You’ll hear it at the beginning and end of a yoga class. Your yoga teacher may use it to greet you in the street. You might even hear it in the organic café as the person in front of you orders a chai latte or coconut water. You’ll often see it accompanied by a gesture with the palms pressed together at the heart.
But what does “namaste”, and the hand gesture, really mean?
In India, namaste is an everyday greeting, akin to hello. It’s also a valediction – a way of saying goodbye. It literally means “I bow to you”, and is usually accompanied by the hand gesture.

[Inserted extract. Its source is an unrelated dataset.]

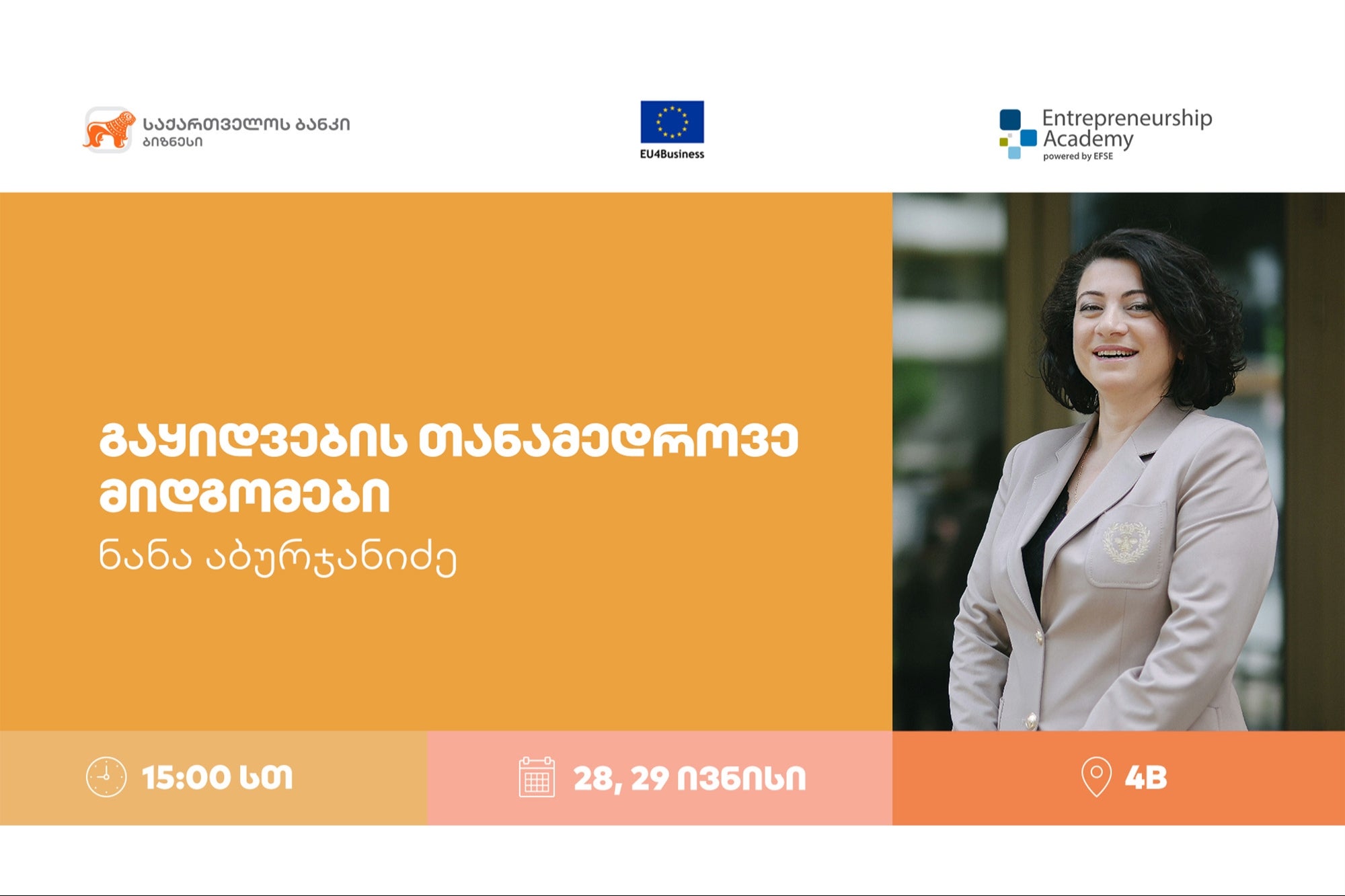საქართველოს ბანკი ბიზნესის ხელშეწყობას განაგრძობს, განსაკუთრებით კი ქალი მეწარმეების მხარდაჭერას. ამ მიზნით 28-29 ბანკისა და EFSE Entrepreneurship Academy-ს პარტნიორობის ფარგლებში გაყიდვების სფეროს თანამედროვე მიდგომებთან დაკავშირებით ვორკშოპი გაიმართება. შეხვედრა საქართველოს ბანკის 4B-ს სივრცეში ჩატარდება და მას კომპანია "სოლუშენერის" დამფუძნებელი, ნანა აბურჯანიძე გაუძღვება.

The hand gesture – placing the palms of the hands together at the heart centre – is also know as anjali mudra and is usually accompanied by slightly bowing the head. It can also be done by first placing the hands to the “third eye”, or between the eyebrows, then taking them back down to the heart. This is a deep acknowledgement of respect – both to the person it’s bestowed upon and for the person doing the bestowing. In fact, simply using the hand gesture implies the word namaste – no words need to be spoken.
Honouring Those Who Give and Receive
A deeper meaning of namaste, though, can be inferred from “I bow to you”, to “I bow to the divinity within you from the divinity within me”. Sometimes you’ll hear it defined as “The light in me recognises the light in you”, or “The highest in me recognises the highest in you”.
Whichever definition appeals to you, we use it to honour both the giver and the receiver. And in a yoga class, we’re using it to honour the teacher, ourselves and the tradition that has been passed down through all the yoga teachers who have gone before.